*Your objective*.
Reproduce only what runs from the line containing "ココナッツファームの見学から" to the line containing "این مجموعه شامل" in the records below, inclusive. Keep it exact, and keep the pictures out.

*Material for the task*.

= = = =

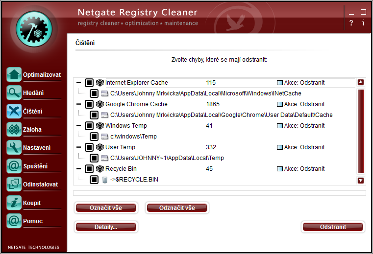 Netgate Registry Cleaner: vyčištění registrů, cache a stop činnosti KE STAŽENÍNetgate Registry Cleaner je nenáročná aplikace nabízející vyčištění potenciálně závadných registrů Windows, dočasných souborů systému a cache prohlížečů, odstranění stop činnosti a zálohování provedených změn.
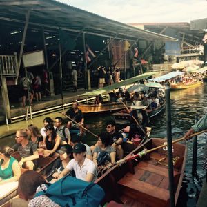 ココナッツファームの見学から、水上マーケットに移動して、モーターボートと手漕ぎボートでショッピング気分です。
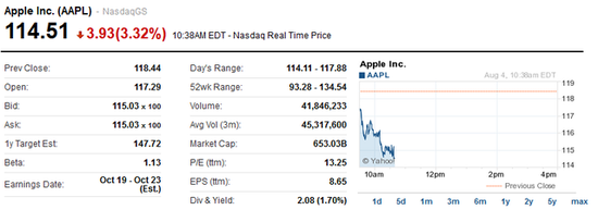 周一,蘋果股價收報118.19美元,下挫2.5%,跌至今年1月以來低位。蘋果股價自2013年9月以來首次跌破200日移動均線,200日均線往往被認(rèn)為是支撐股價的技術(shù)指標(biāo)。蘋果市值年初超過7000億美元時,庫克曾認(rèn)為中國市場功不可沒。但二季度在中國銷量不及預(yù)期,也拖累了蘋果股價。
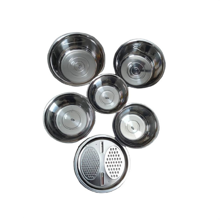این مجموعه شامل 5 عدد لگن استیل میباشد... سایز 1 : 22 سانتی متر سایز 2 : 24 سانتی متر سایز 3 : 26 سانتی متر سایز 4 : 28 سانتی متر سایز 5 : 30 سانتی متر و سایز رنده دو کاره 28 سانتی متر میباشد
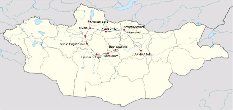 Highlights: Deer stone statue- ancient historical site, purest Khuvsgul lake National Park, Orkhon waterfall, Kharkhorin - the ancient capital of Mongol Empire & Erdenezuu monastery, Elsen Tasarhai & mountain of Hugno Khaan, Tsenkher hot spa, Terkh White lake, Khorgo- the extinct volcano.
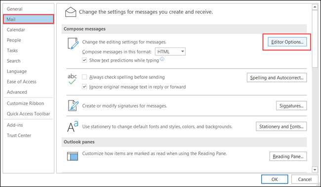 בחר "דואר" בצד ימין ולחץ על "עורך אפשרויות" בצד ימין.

= = = =

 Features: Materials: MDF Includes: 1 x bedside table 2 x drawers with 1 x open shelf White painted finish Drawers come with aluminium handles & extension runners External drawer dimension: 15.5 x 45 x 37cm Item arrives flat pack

= = = =

*Answer to this exercise*.
 ココナッツファームの見学から、水上マーケットに移動して、モーターボートと手漕ぎボートでショッピング気分です。
 周一,蘋果股價收報118.19美元,下挫2.5%,跌至今年1月以來低位。蘋果股價自2013年9月以來首次跌破200日移動均線,200日均線往往被認(rèn)為是支撐股價的技術(shù)指標(biāo)。蘋果市值年初超過7000億美元時,庫克曾認(rèn)為中國市場功不可沒。但二季度在中國銷量不及預(yù)期,也拖累了蘋果股價。
این مجموعه شامل 5 عدد لگن استیل میباشد... سایز 1 : 22 سانتی متر سایز 2 : 24 سانتی متر سایز 3 : 26 سانتی متر سایز 4 : 28 سانتی متر سایز 5 : 30 سانتی متر و سایز رنده دو کاره 28 سانتی متر میباشد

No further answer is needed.